我们只需要修改 model 层定义的“常量”，而不需要在 view 层修改硬编码内容。即使常量被我们修改，通过 IDE 的自动探测功能，我们也能即使发现错误。

# 一种拙劣的实现方式

基础数据定义

# 风险等级
RISK_TYPE = {
    'undefined': 0,  # 未定义
    'plain': 1,  # 灵活取用
    'low': 2,  # 稳健增值
    'balance': 3,  # 平衡增长
    'advance': 4,  # 进阶成长
    'high': 5,  # 积极进取
}
# 风险等级显示
RISK_TYPE_DISPLAY = {
    'undefined': '未定义',
    'plain': '灵活取用',
    'low': '稳健增值',
    'balance': '平衡增长',
    'advance': '进阶成长',
    'high': '积极进取'
}

SQLAlchemy 数据类型定义：

from typing import Optional, Union
import sqlalchemy.types as types

class BaseChoice(types.TypeDecorator):
    cache_ok = False

    def process_bind_param(self, value, dialect):
        if value in self.choices_rev:
            return self.choices_rev[value]
        if value in self.choices:
            return value
        raise KeyError(f"Value not found in choices: {value}")

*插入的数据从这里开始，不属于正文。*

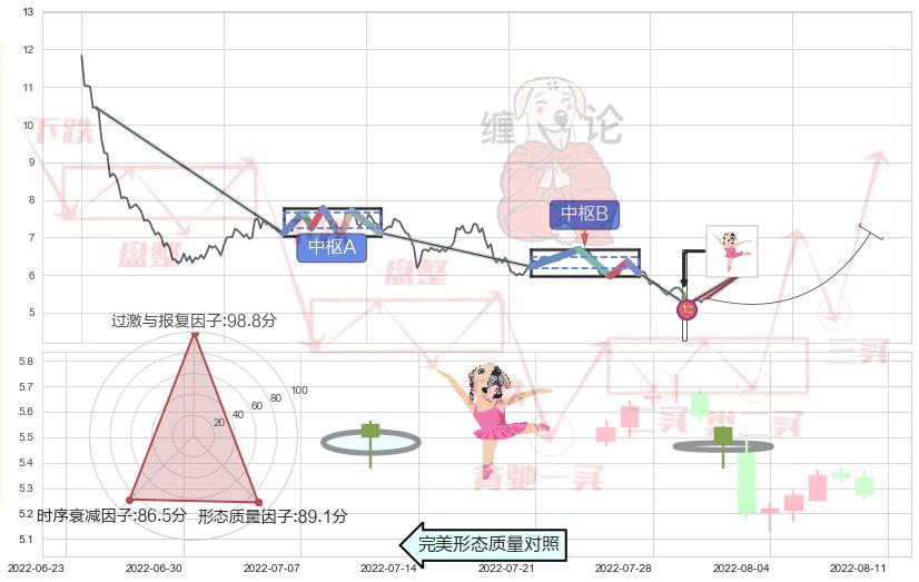 ➣ 【中枢B】:2022-05-17-2022-07-11,中枢由5笔构成,共39交易日, ZG=6.35, ZD=6.22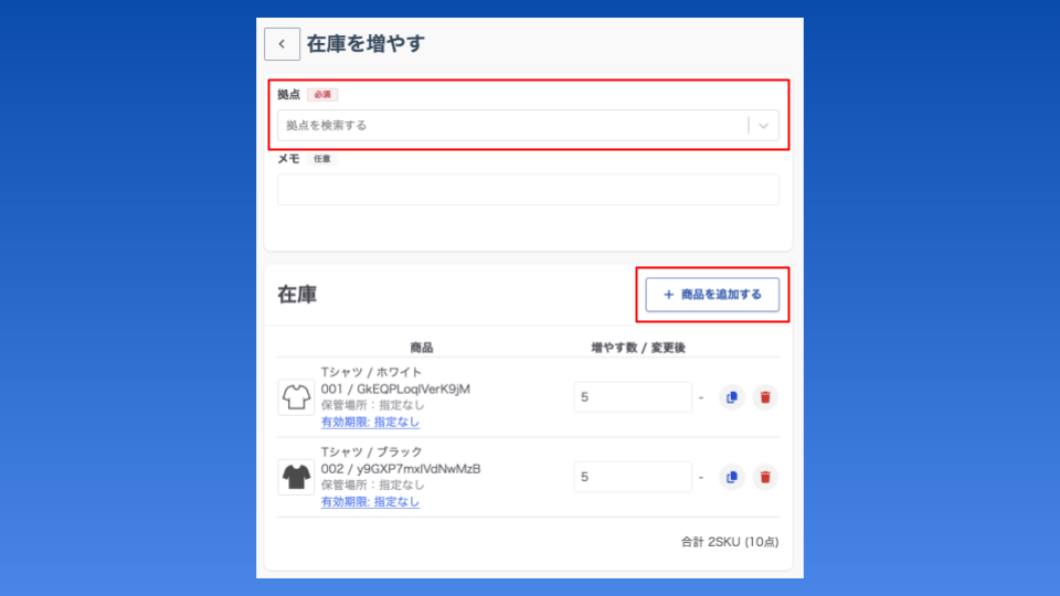 在庫を作成する拠点を選択 > 「+商品を追加する」から商品を選択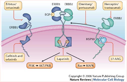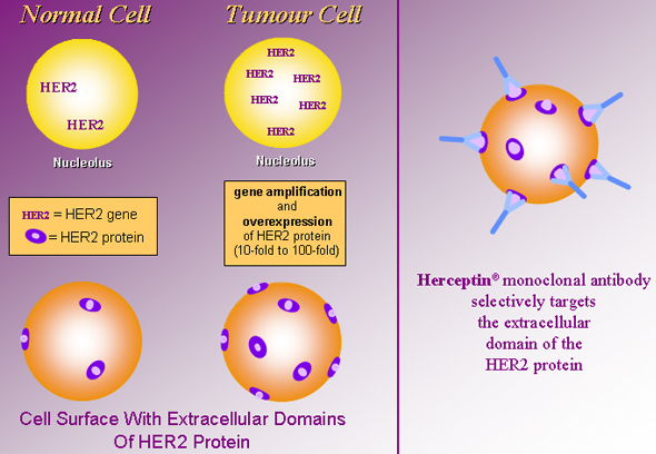 Mecanismo de acción: la sobre expresión de HER2 se observa en el 20-30 % de los cánceres de mama primarios, mostrando los pacientes cuyos tumores sobreexpresan esta proteína una supervivencia libre de enfermedad más corta si se compara con los pacientes cuyos tumores no sobreexpresan HER2. Esta proteína es un receptor de membrana, cuya función no es bien conocida, estructuralmente relacionada con el factor de crecimiento epidérmico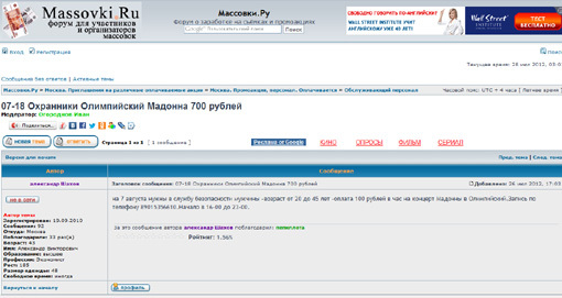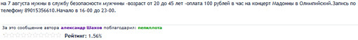«На 7 августа нужны в службу безопасности мужчины - возраст от 20 до 45 лет - оплата 100 рублей в час на концерт Мадонны в Олимпийский. Начало в 16-00 до 23-00»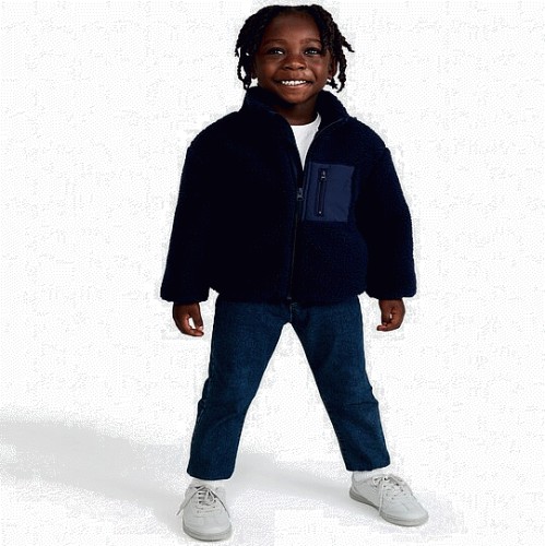 F&F Boys Fleece Pocket Front Zip Up Jacket in Navy

    def process_result_value(self, value, dialect):
        return self.choices[value]


class ChoiceTypeInteger(BaseChoice):
    """
    适用于key为int的
    """
    impl = types.Integer

    def __init__(self, choices: Union[list, tuple, dict], **kw):
        # 传的是int类型，则需要检查是否key为int,是才可以继续
        is_all_key_int = all([isinstance(i, int) for i in choices.keys()])
        if not is_all_key_int:
            raise KeyError("Key should be integer.")
        if len(choices) == 0:
            raise ValueError("No choices provided!")

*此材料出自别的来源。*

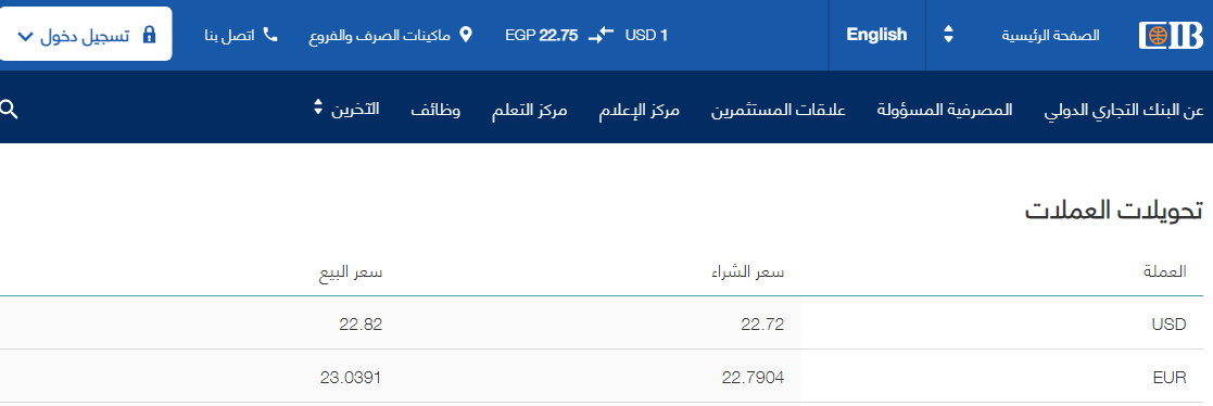 سعر الدولار اليوم في البنك التجاري الدولي CIB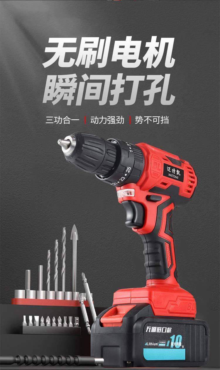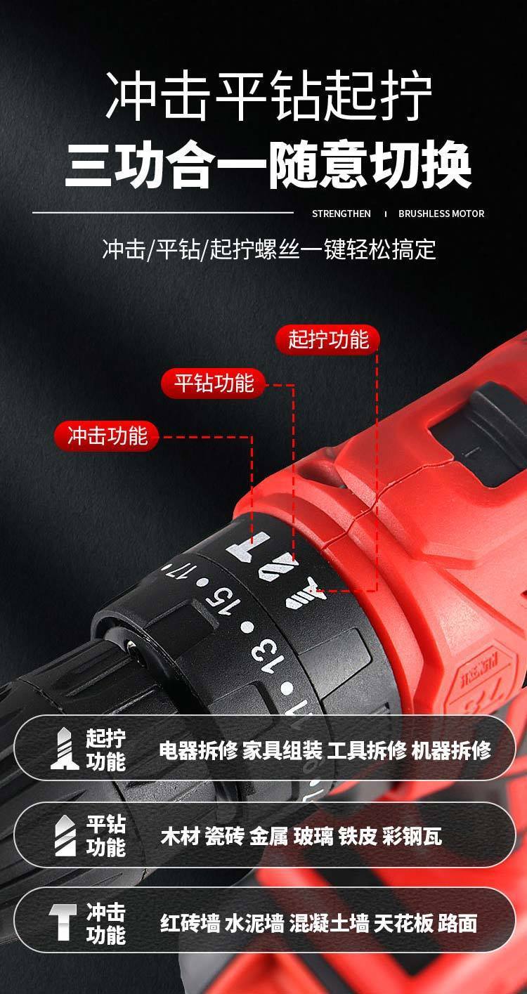 브러시리스 고성능 충전식 드릴 임팩트 리튬 전기 드릴 2 단 핸드 전기 드릴 가정용 산업용 다기능 전기 드라이버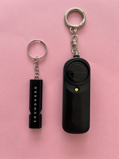 SOUNDHERO personal self-defense alarm keyring with built in light - Battery operated - Noir Black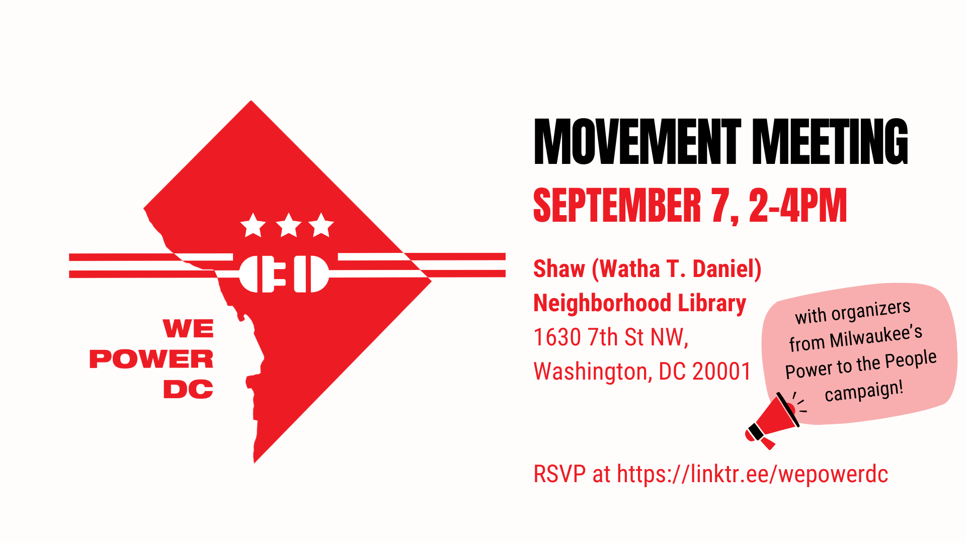 We Power DC organizers will give an overview of the campaign and some recent updates on what we've been up to. And we'll be joined by organizers from Milwaukee's Power to the People campaign fighting for public power in their city! We'll chat public power pledges, door-to-door canvassing, and legislative strategy to learn from their campaign and share our own lessons from the District.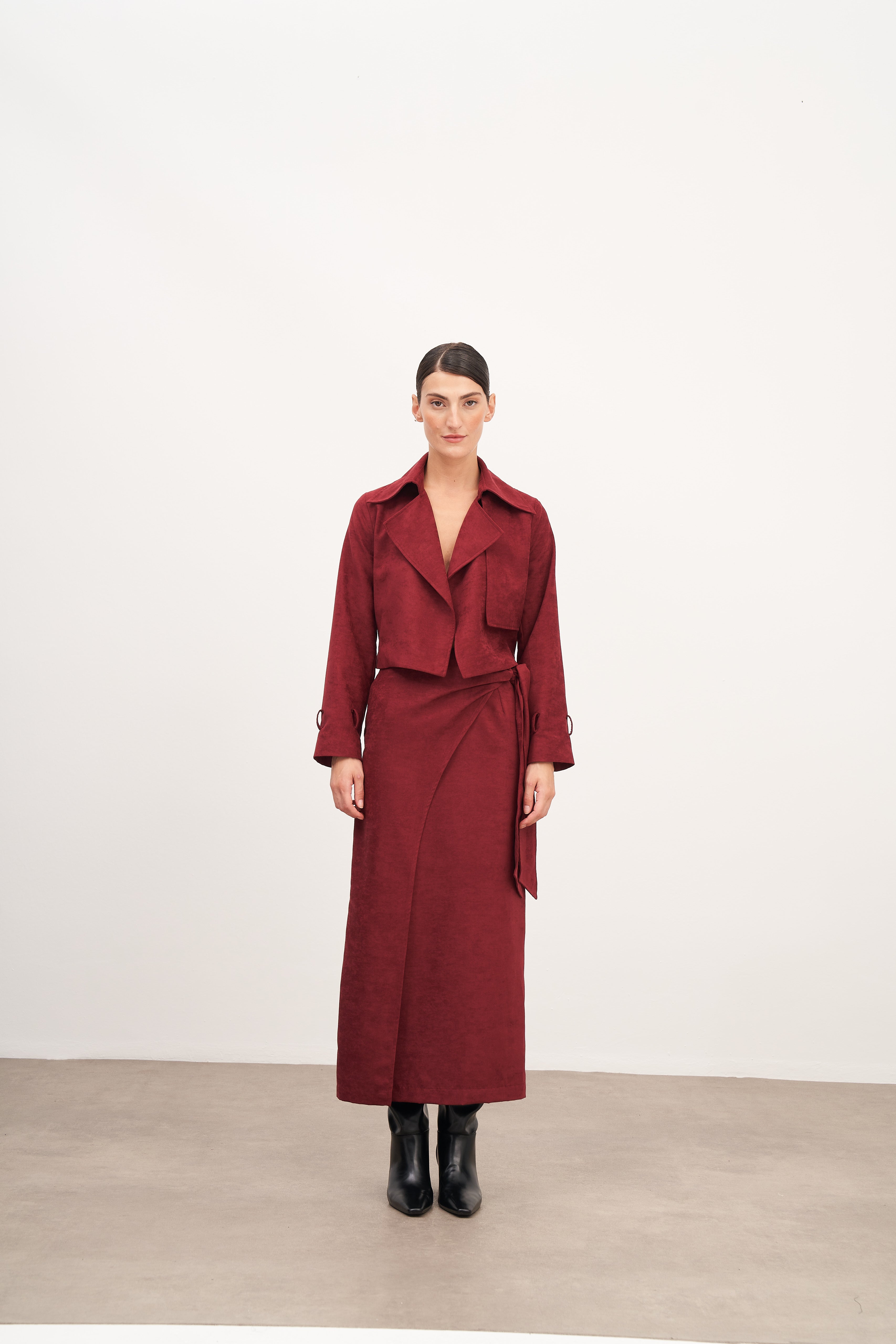 WINGCOTT Bordo Süet Bağlama Detaylı Uzun Etek

        if isinstance(choices, list) or isinstance(choices, tuple):
            if isinstance(choices[0], str):
                choices = [(s, s) for s in choices]
            self.choices = dict(choices)
        elif isinstance(choices, dict):
            self.choices = choices
        num_choices = len(self.choices)
        if num_choices != len(set(self.choices.keys())):
            raise KeyError("Choice keys must be unique")
        if num_choices != len(set(self.choices.values())):
            raise ValueError("Choice values must be unique")
        self.choices_rev = key2val(self.choices)
        super().__init__(**kw)


class ChoiceType(BaseChoice):
    """
    适用于key为string的情况
    """
    '''
    String 报错： `sqlalchemy.exc.CompileError: VARCHAR requires a length on dialect mysql`
    `ChoiceType` 接受关键字参数`length`来自定义字符长度
    '''
    impl = types.String(60)

    def __init__(self, choices: Union[list, tuple, dict], **kw):
        if len(choices) == 0:
            raise ValueError("No choices provided!")

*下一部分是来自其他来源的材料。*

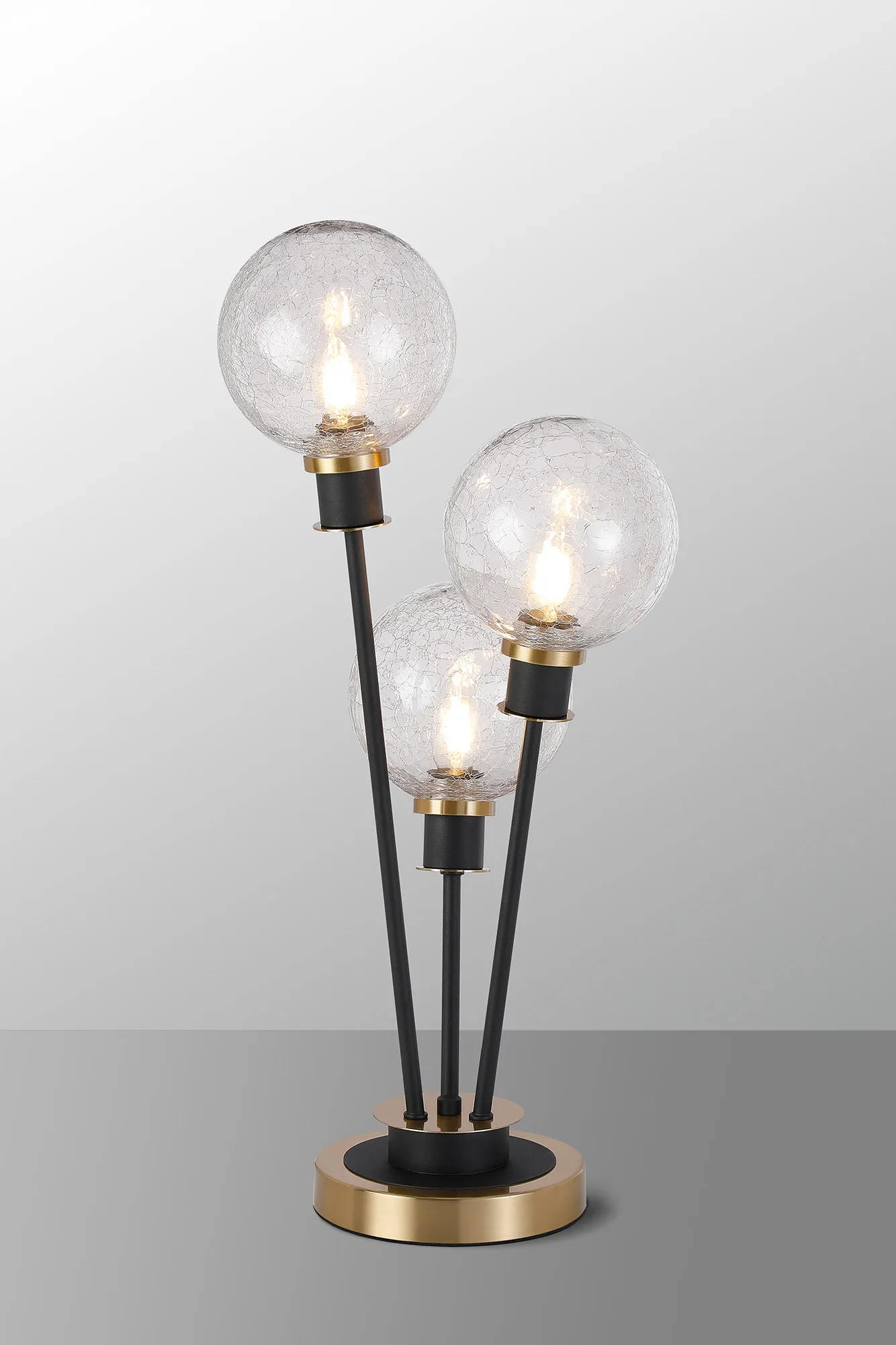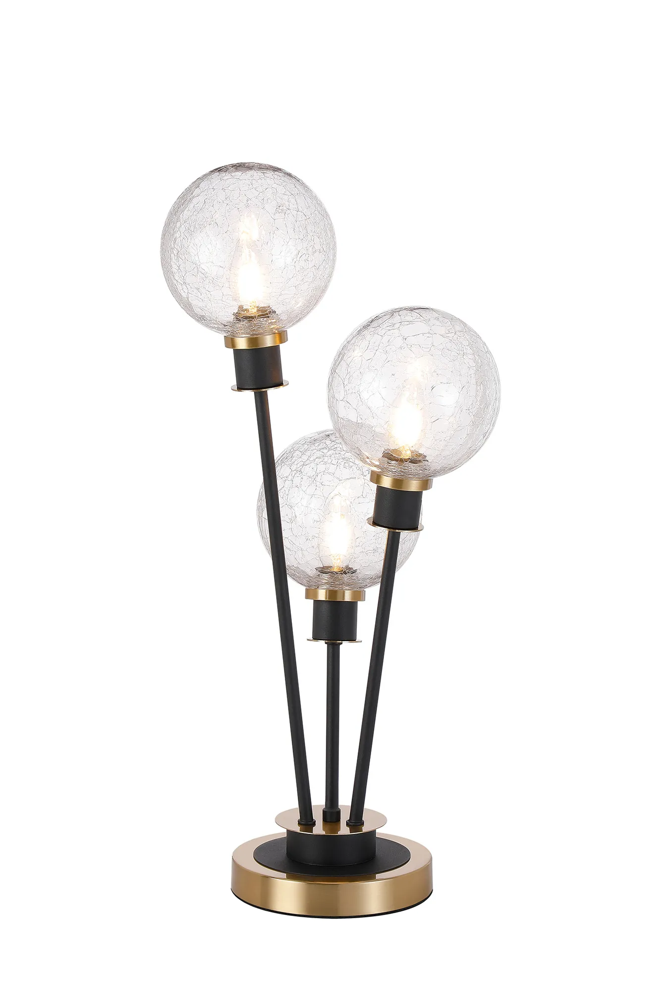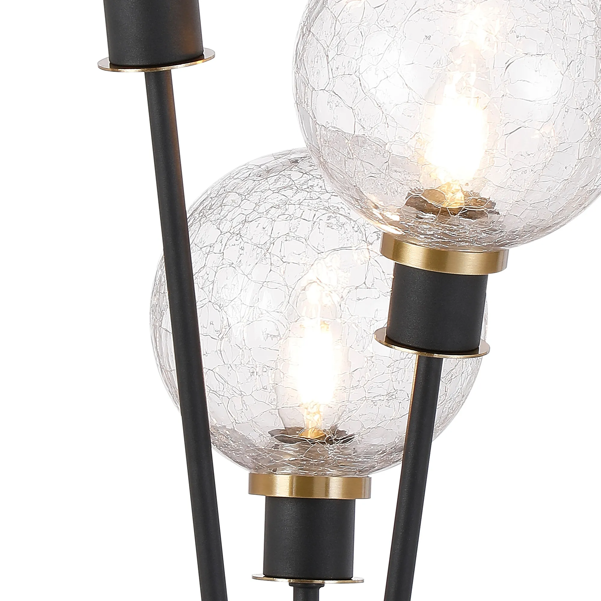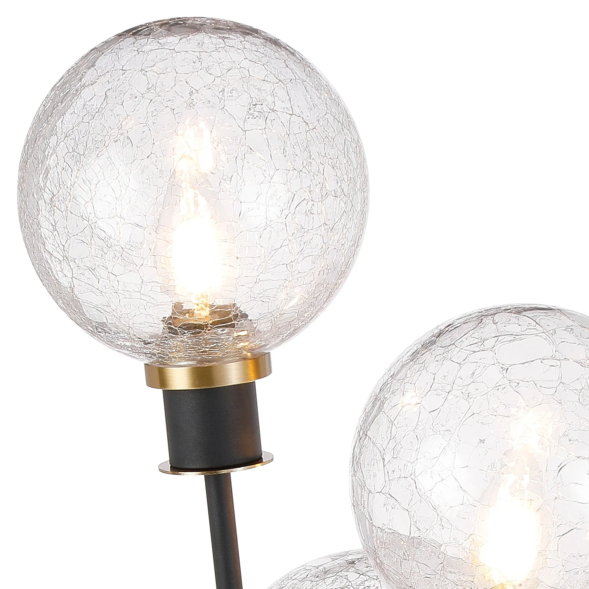 Castana Floor Lamp, 5 Light E14, With 15cm Round Crackled Glass Shade Brass, Clear, Satin Black

        if isinstance(choices, list) or isinstance(choices, tuple):
            if isinstance(choices[0], str):
                choices = [(s, s) for s in choices]
            self.choices = dict(choices)
        elif isinstance(choices, dict):
            self.choices = choices
        num_choices = len(self.choices)
        if num_choices != len(set(self.choices.keys())):
            raise KeyError("Choice keys must be unique")
        if num_choices != len(set(self.choices.values())):
            raise ValueError("Choice values must be unique")
        self.choices_rev = key2val(self.choices)
        super().__init__(**kw)

    def process_result_value(self, value, dialect):
        """
        key是str的直接返回即可
        :param value:
        :param dialect:
        :return:
        """
        return value


def key2val(unique_dict: dict) -> dict:
    return {v: k for k, v in unique_dict.items()}

代码参考 (opens new window) 此时要使用数据类型：

class Fund(PkModel, UpsertMixin):
    """基金表"""
    __tablename__ = 'funds'
    __table_args__ = {'comment': '基金表'}
    # TODO: 验证规则
    '''
    [《证券投资基金编码规范》实施细则](http://www.csisc.cn/zbscbzw/ywguize/201212/bf12c532a6c44cde864f59d9f2423f1b.shtml)
    [证券投资基金编码简介](http://www.csisc.cn/zbscbzw/cpbmjj/201212/f3263ab61f7c4dba8461ebbd9d0c6755.shtml)
    [证券投资基金编码规范](http://www.csisc.cn/zbscbzw/hyfbjcbmm/201904/d2587b8addb54335a87017af40344e24.shtml)
    [基金代码有什么规则？区分认购代码和交易代码 - 希财网](https://www.csai.cn/jijin/1298440.html)
    [基金代码含义及编制规则 - 知乎](https://zhuanlan.zhihu.com/p/24948157)
    '''
    fund_code = Column(db.String(6), unique=True, comment='基金编码')
    name = Column(db.String(30), comment='基金名称')
    '''
    此处标准写法应该使用英文，但是可能导致查询啰嗦，所以使用拼音代替变量，后面变量作为列名自解释
    1. [python - Use alias for column name in SQLAlchemy - Stack Overflow]
    (https://stackoverflow.com/questions/37758128/use-alias-for-column-name-in-sqlalchemy)
    2. [mysql - Aliasing field names in SQLAlchemy model or underlying SQL table - Stack Overflow]
    (https://stackoverflow.com/questions/37420135/aliasing-field-names-in-sqlalchemy-model-or-underlying-sql-table)
    查询：
    [SQLAlchemy select 中的表别名、列别名 | Jeremy's blog](https://www.isyin.cn/note/2018-10-28-2249/)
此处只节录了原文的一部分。